| HN Mirror

Y	Hacker News new \| ask \| show \| jobs

by jerf 792 days ago

Not always. There are HTTP servers where you are making an HTTP request for an in-memory value where the work is less than the parsing cost for an HTTP request. There are many HTTP services where the time to fulfill the request is much longer than the parse cost of the request, but that time is not 100% CPU of either the server or any given service, because there's a lot of back and forth delays and latency. There are many HTTP services where they are 100% CPU and orders of magnitude greater than the cost of a HTTP request parse, but are still on the order of <1ms and if such a service was actually a message queue you might still be able to clog a message queue at least somewhat.
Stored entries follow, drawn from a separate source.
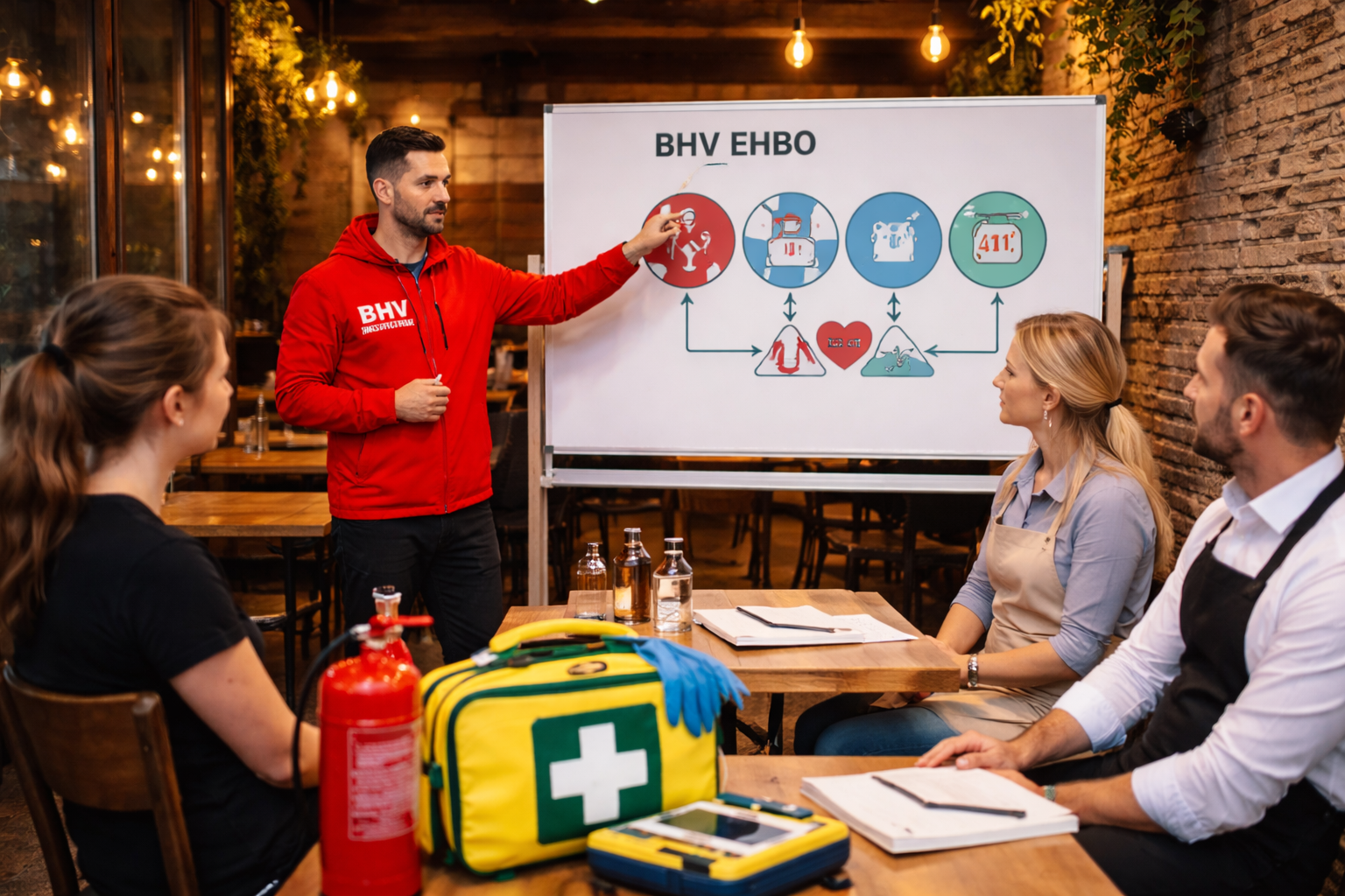Horecabedrijven kiezen voor BHV voor de Horeca omdat wij BHV-trainingen aanbieden die naadloos aansluiten op de dagelijkse praktijk binnen restaurants, cafés en hotels. Onze BHV-cursussen worden altijd incompany, op locatie bij het horecabedrijf verzorgd, zodat medewerkers trainen in hun eigen werkomgeving en direct leren omgaan met praktijksituaties.
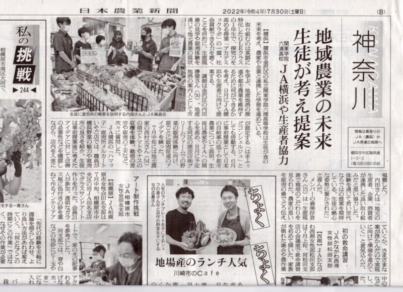 この度,その様子が日本農業新聞へ掲載されました。今後は,夏休み明けにグリーンファームにて販売体験をし,9月末にはJA横浜や農家さんに対して提案を発表する予定です。
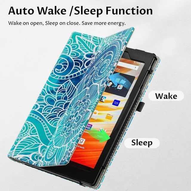 Angles]: Kindle Fire 10 case with useful dual-angle stand design, choose the typing angle or viewing angle as you want, provide comfortable viewing angles for reading, viewing, typing, or making video calls ^^ [Auto
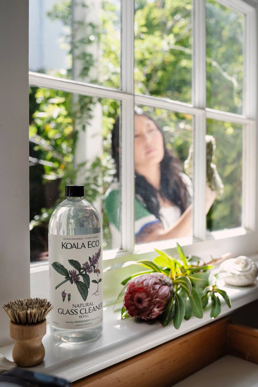 Our Peppermint Glass Cleaner cuts through film and polishes windows, glass doors and mirrors to smear-free perfection while discouraging dust from re-settling. The native peppermint is also a very effective insect deterrent. This biodegradable and eco-friendly plant-based formula effortlessly cleans, removes bacteria and deodorizes, without the need for toxic chemicals.
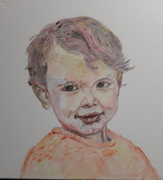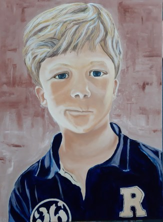 This is a painting from my lovely grandson in the same style as the one of his sister.
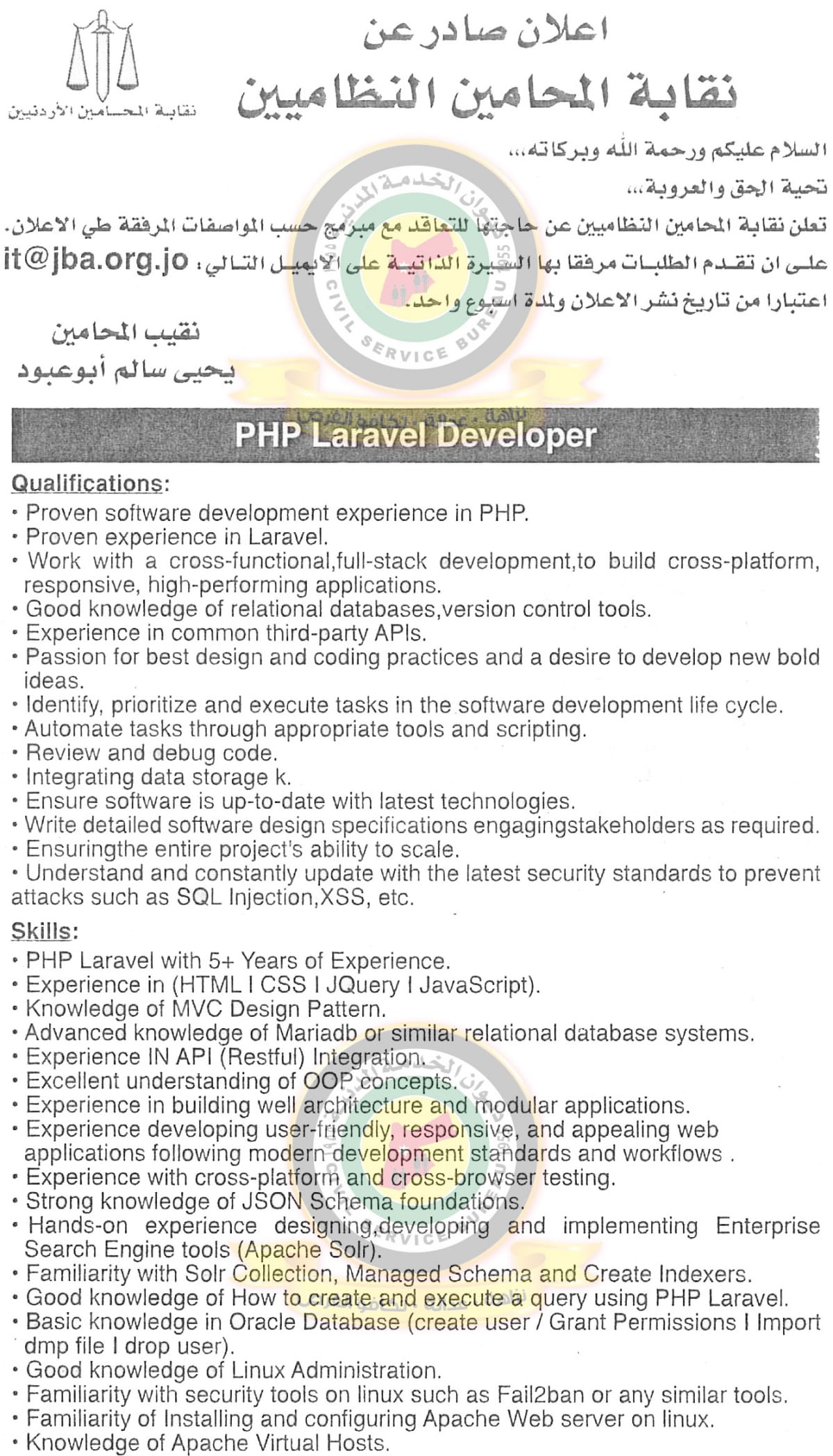22 الاعلامي- اعلان توظيف مبرمج صادر عن نقابة المحاميين النظاميين
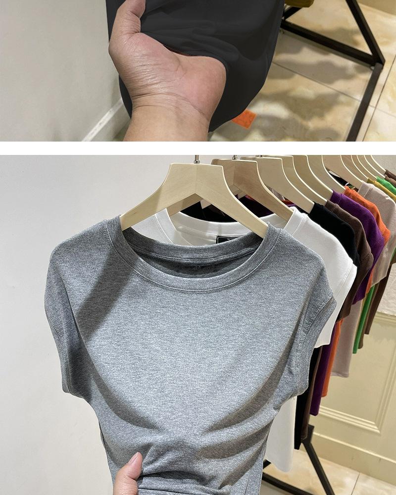 Camiseta de manga corta Xiaofei para mujer, verano 2024, nuevo diseño, estilo occidental, estilo moderno y holgado, adelgazante.
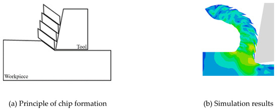 Formation of BMG chips. (a) Principle of chip formation; (b) simulation results.
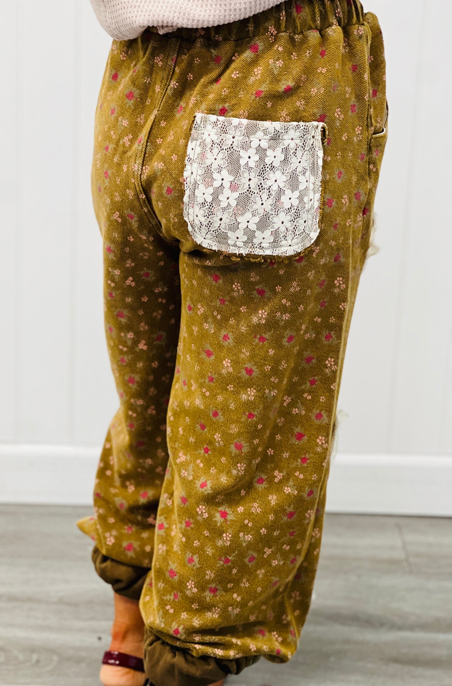 POL Floral Contrast Lace & Woven Patch Pants (Reg.)
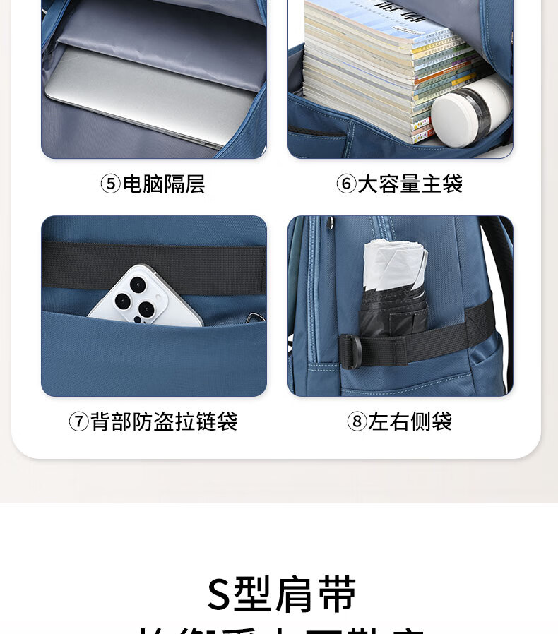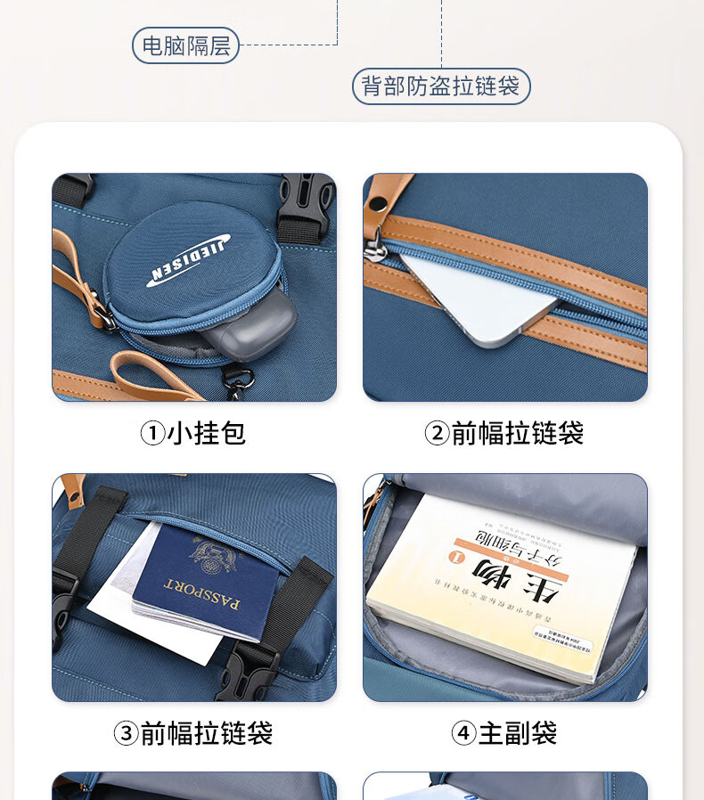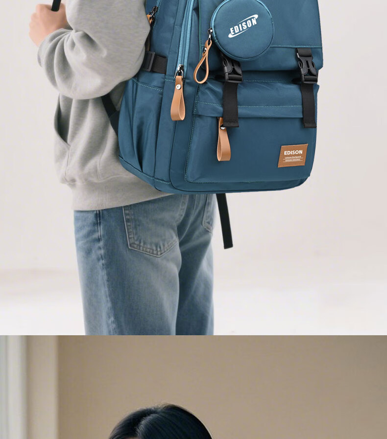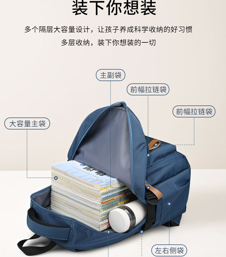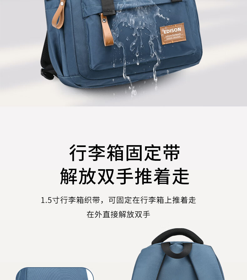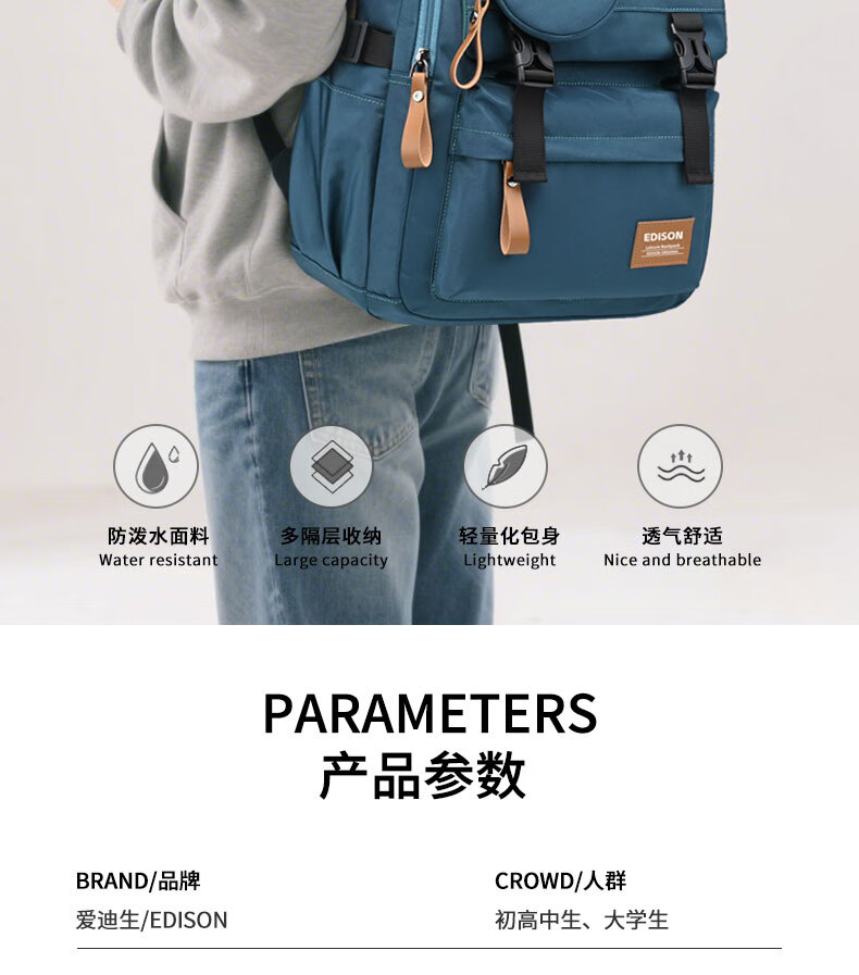 Edison inventor junior high school student schoolbag male burden reduction spine protection trendy high school student female large capacity backpack K072F-2 blue
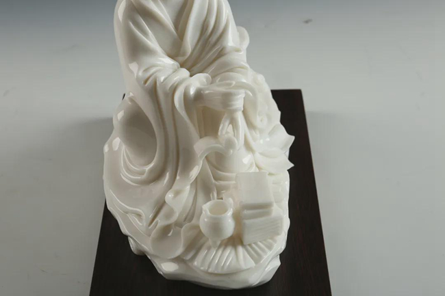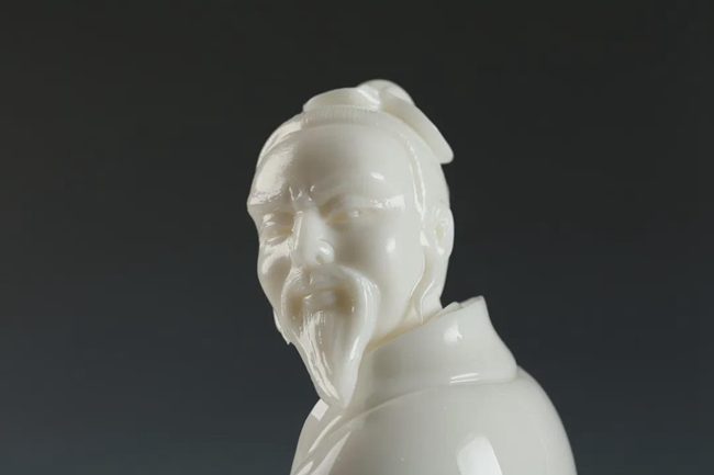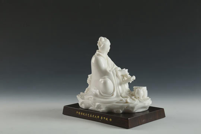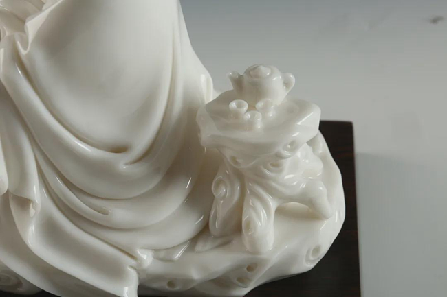 李甲棧大師的這尊作品選用德化窯優(yōu)質(zhì)白瓷泥,燒成后瓷體柔光,脂感較強(qiáng),較好地保留了純手工制作的精細(xì)感。作品博采眾長、自成一格,極具個人藝術(shù)特色,又富有創(chuàng)新韻味。
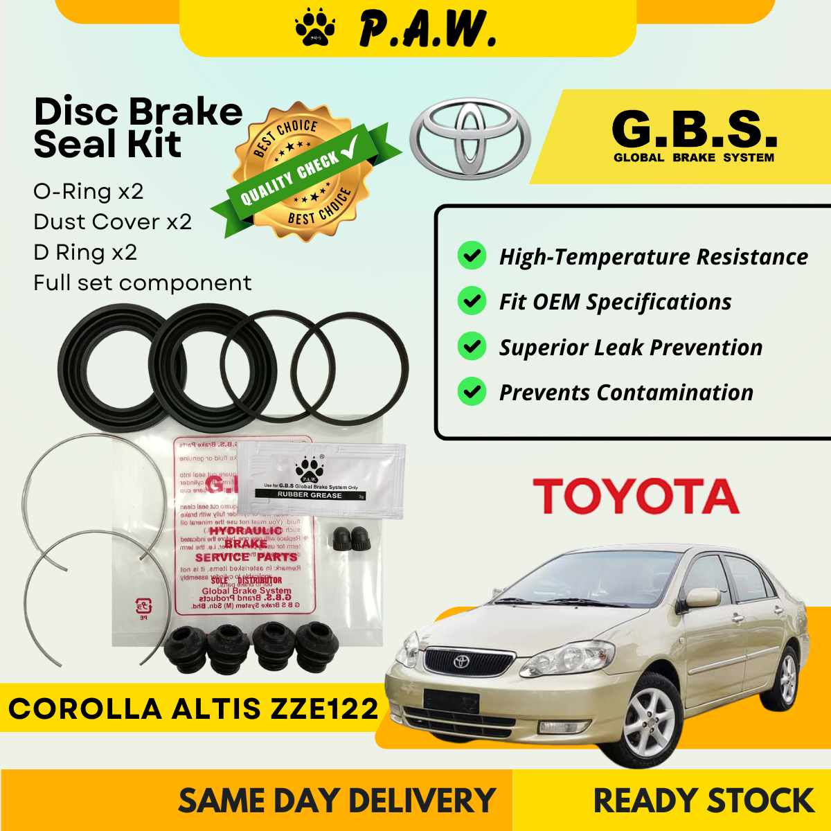 GBS Disc Brake Seal Kit For TOYOTA ALTIS ZZE122 1ZZ-FE 1.8 (Front) (Full Set)

This is a very pessimal case, though. You make a tiny HTTP request which is parsed in microseconds at the most, and it invokes somewhere between one to five million microseconds of 100% utilization of an expensive resource. A thousand queuings per second would be fairly easy for a RPi, it could handle that no problem (at least assuming you use a decent language to manage it; a super fancy Python framework that also does a lot of metaprogramming might choke under the load, sure, though some half-carefully written Python still ought to be able to handle this), while those 1000 requests/second would require around 2000 GPUs to dispatch them in real time so we can maintain that 1000 rps. I'm pretty sure you can add an order of magnitude before I'd really start worrying about the RPi as a queuing mechanism, and you're getting to the RPi being able to queue for ~100,000 GPUs without too much strain. I don't know how many GPUs OpenAI has but that's got to be getting pretty close to their order of magnitude. They may have a million, I doubt ten million.

(Of course, I wouldn't actually do this on an RPi; I'm just using that as a performance benchmark.)